• [PROBLEM] Leaving out every picture, copy the lines of the material below exactly, from the line containing "图书馆90分钟专题讲座:EPS助力论文实证分析" through the line containing "Solid Cedar Top, Laminated".

• [EXERCISE DATA]
========================================
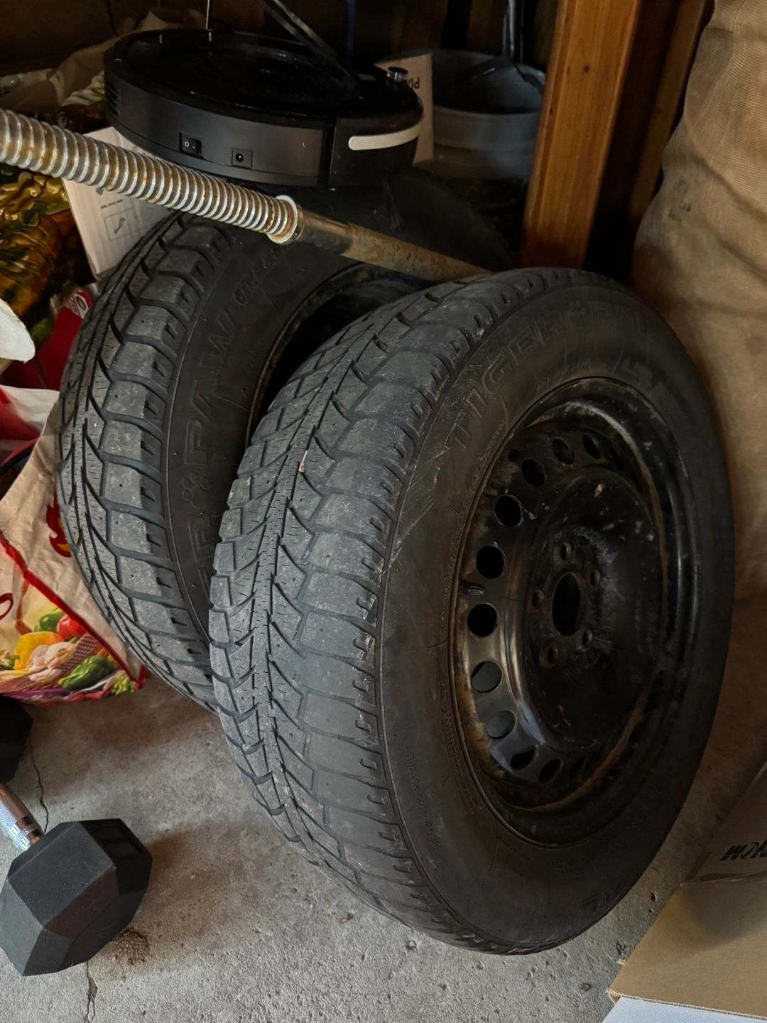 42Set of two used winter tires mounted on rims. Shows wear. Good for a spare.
========================================
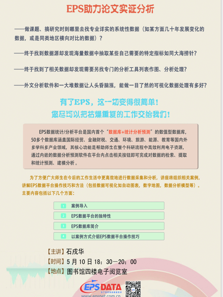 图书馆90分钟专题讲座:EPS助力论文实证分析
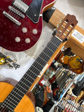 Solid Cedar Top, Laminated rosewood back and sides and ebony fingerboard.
========================================
• [EXERCISE SOLUTION]
 图书馆90分钟专题讲座:EPS助力论文实证分析
 Solid Cedar Top, Laminated rosewood back and sides and ebony fingerboard.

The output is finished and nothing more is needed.